I have friends who are traveling and posting beautiful pictures. The Slovenia and Ljubljana accounts I follow on social media are splashing out during the height of the tourist season with their own gorgeous photos. It’s been a long time since I’ve been in Ljubljana in the summer and there are so many things which only exist in the bright flash of the warm months. I’m checking in with Slovenian friends to say hi and pick their brains for tidbits I can’t find on the internet. I miss them, as much as, if not more than, the place.
No place is without flaws, whether they be political, social, environmental, or related to infrastructure. I know it’s a bad idea to idolize a real place to the point of glossing over those things. Doing so does a disservice to the people who actually live there.

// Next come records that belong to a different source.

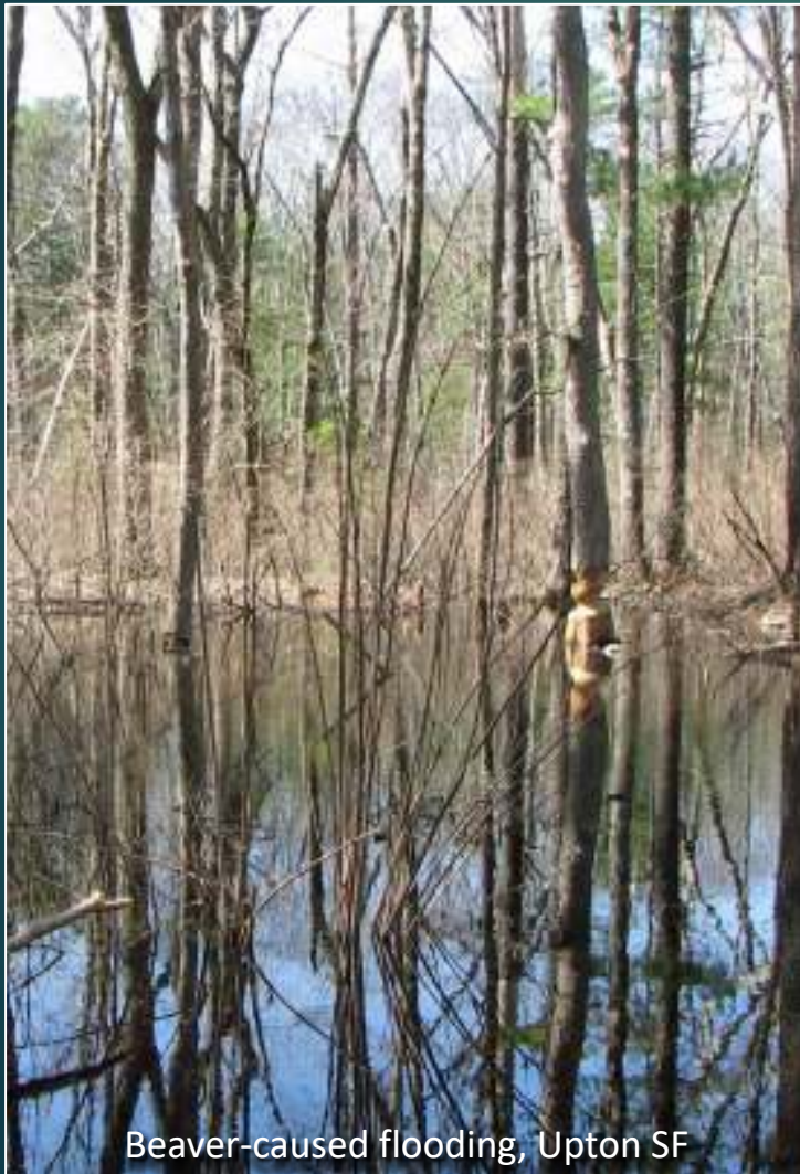
Beaver-caused flooding, Upton SF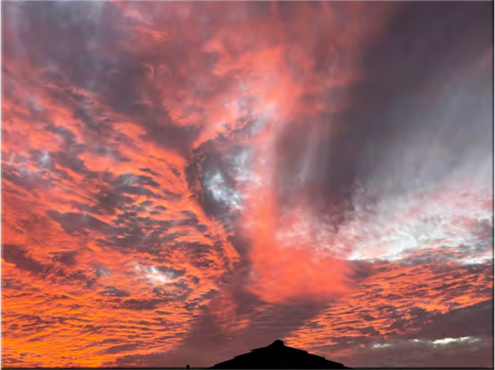
Our incredible cloud formations and sunsets, captured so well by Lorraine Villarreal.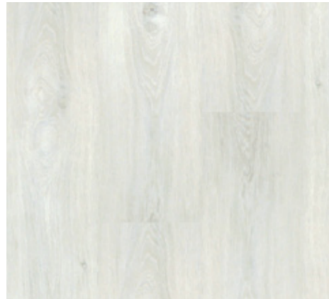
Ice Oak EMP1313110TC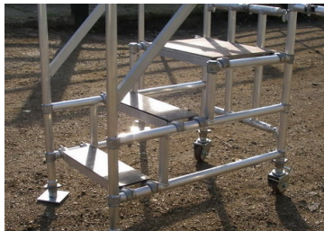
STEPS UP TO TRAILER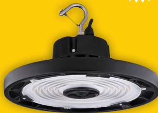
RAB Highbay 150W 4K/5K 120-347V DIM WET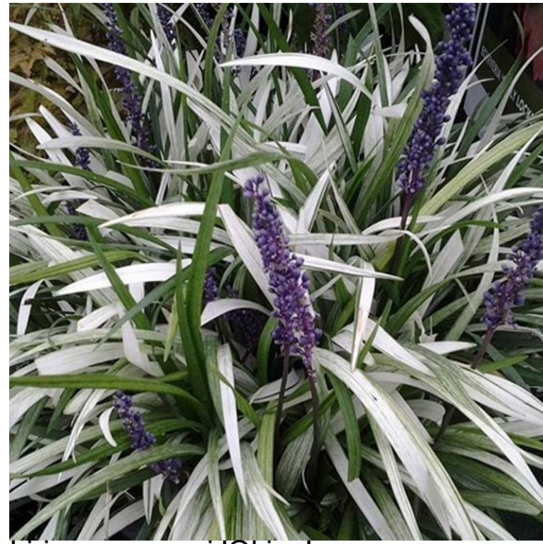
Liriope muscari 'Okina'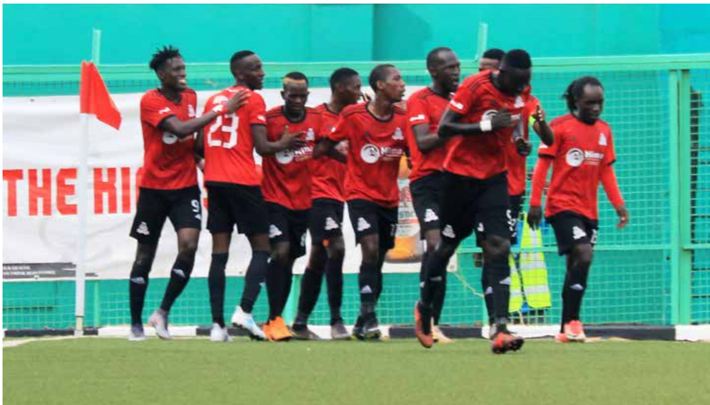
Vipers SC were declared StarTimes Uganda Premier League champions 2019-2020 season

The deadly COVID-19 pandemic spread by the highly contagious coronavirus stained life for the better of 2020.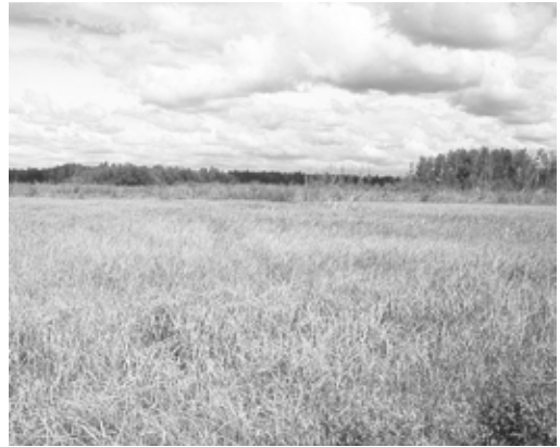
Figure 105. Le Conte's Sparrow probably arrives directly on its breeding grounds, primarily in wet sedge meadows. Boundary Lake, BC, 24 June 1996.

Distribution: Migration: No records. Breeding: See Habitat for details. It is locally distributed in a few marshes and certain field edges from Watson Slough east to Boundary Lake.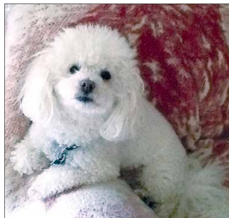
Puppy or adult, the Bolognese will steal your heart.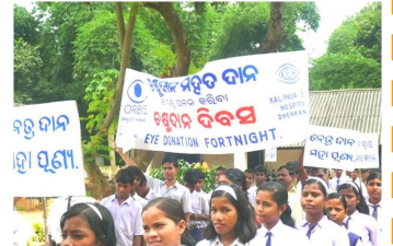
The road show by the school children of Saptasajya High School, Dhenkanal

to burn, or bury them. Eyes can change lives, as they have life, Please save them to donate them.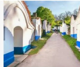
Jižní Morava - Naši milí příznivci, v... facebook.com

Having said all that, it’s not about escape to a fairytale, though given the news and the state of politics here it could easily be; it’s more about feeling homesick for a place that was so very briefly home.
Slovenia, and Ljubljana especially, have changed a great deal since the early 1990s when I was at university and walked and biked my way around town. Every time I go back, I find out about ten new things I want to do on my next trip. I guess because I don’t live there now, everything can feel new and exciting and not like the swirling hurricane of change it can sometimes feel like if you live in it or through it.
I can sit here and intellectualize this all day but I’ll still feel the same way. I’ll still be wildly in love.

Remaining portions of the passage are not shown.